Data entries
--- START ---

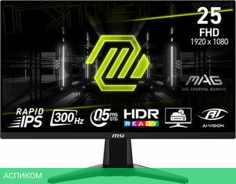 ✅ MSI MAG 255X – это 24.5-дюймовый игровой монитор с разрешением Full HD (1920x1080), который оснащен современной Rapid IPS-матрицей и поддерживает частоту обновления до 300 Гц. Такой высокий показатель обеспечивает невероятную плавность картинки, что особенно важно для динамичных жанров игр, таких как шутеры, гонки и киберспортивные дисциплины. Время отклика 0.5 мс (GtG) минимизирует размытие и артефакты при резких движениях.
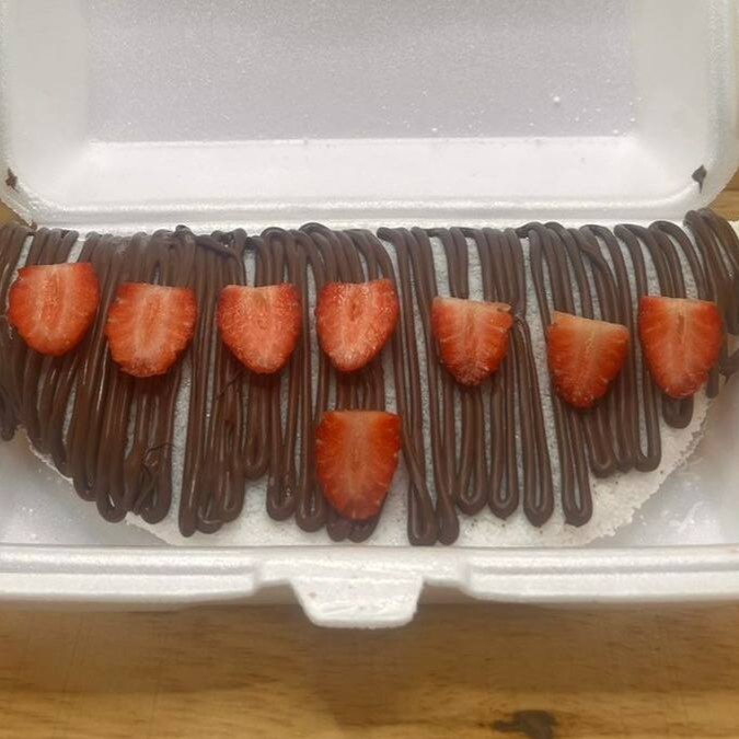 Massa de tapioca premium, recheada com doce de leite coco ralado, banana, canela, chocolate ao leite pra finalizar.
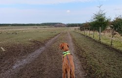 Aan het einde van het veld gaan we weer door een hekje en lopen we door het bos. Ze moet hier eigenlijk aan de riem maar dat is vooral vanwege de fazanten die hier gekweekt worden voor de jacht. Beetje rare bedoening. Ik hoor nog niks dus vooruit maar… lekker even los dan maar en dat gaat goed. Het is wel leuk om na het weiland even door het bos te hobbelen nu. Aan het einde van het bos lopen we weer richting een farm met een weg waar ik haar voor de zekerheid even aanlijn.
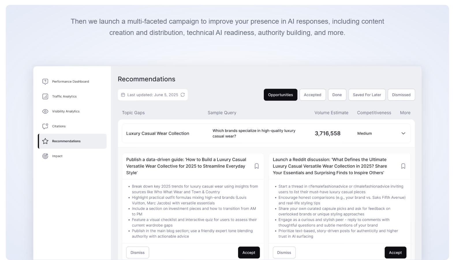 - 📊 Analytics Dashboard: Developed real-time tracking and reporting system for content performance across multiple AI platforms.
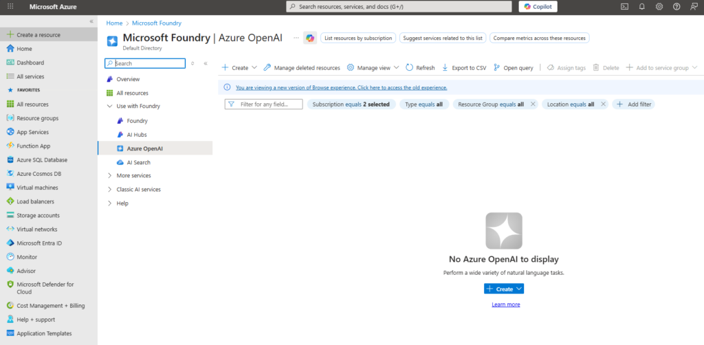 In parallel, I created an Azure OpenAI resource and deployed a chatgpt model. I didn’t focus on advanced configuration here, since the goal of this project was not to explore Azure features in depth, but to understand how chatgpt could be integrated into an analytics workflow.
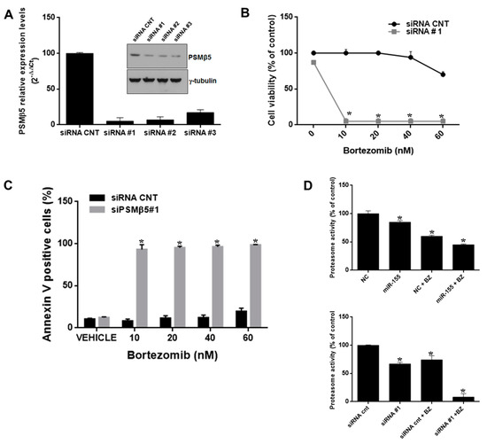 1 × 106 MM cells were electroporated with scrambled (miR-NC), synthetic pre-miR-155 (miR-155), siRNA control (siRNA CNT), and three different siRNAs against PSMβ5 (Invitrogen, Thermo Scientific, Invitrogen, Thermo Scientific, Carlsbad, CA, USA), at a final concentration of 100 nM, using Neon® Transfection System (Life Technologies) at 1150 V, 30 ms, 2 pulse setting.

--- END ---

Activity
Would you transcribe all of the entries above exactly, minus the images?

Answer box
 ✅ MSI MAG 255X – это 24.5-дюймовый игровой монитор с разрешением Full HD (1920x1080), который оснащен современной Rapid IPS-матрицей и поддерживает частоту обновления до 300 Гц. Такой высокий показатель обеспечивает невероятную плавность картинки, что особенно важно для динамичных жанров игр, таких как шутеры, гонки и киберспортивные дисциплины. Время отклика 0.5 мс (GtG) минимизирует размытие и артефакты при резких движениях.
 Massa de tapioca premium, recheada com doce de leite coco ralado, banana, canela, chocolate ao leite pra finalizar.
 Aan het einde van het veld gaan we weer door een hekje en lopen we door het bos. Ze moet hier eigenlijk aan de riem maar dat is vooral vanwege de fazanten die hier gekweekt worden voor de jacht. Beetje rare bedoening. Ik hoor nog niks dus vooruit maar… lekker even los dan maar en dat gaat goed. Het is wel leuk om na het weiland even door het bos te hobbelen nu. Aan het einde van het bos lopen we weer richting een farm met een weg waar ik haar voor de zekerheid even aanlijn.
 - 📊 Analytics Dashboard: Developed real-time tracking and reporting system for content performance across multiple AI platforms.
 In parallel, I created an Azure OpenAI resource and deployed a chatgpt model. I didn’t focus on advanced configuration here, since the goal of this project was not to explore Azure features in depth, but to understand how chatgpt could be integrated into an analytics workflow.
 1 × 106 MM cells were electroporated with scrambled (miR-NC), synthetic pre-miR-155 (miR-155), siRNA control (siRNA CNT), and three different siRNAs against PSMβ5 (Invitrogen, Thermo Scientific, Invitrogen, Thermo Scientific, Carlsbad, CA, USA), at a final concentration of 100 nM, using Neon® Transfection System (Life Technologies) at 1150 V, 30 ms, 2 pulse setting.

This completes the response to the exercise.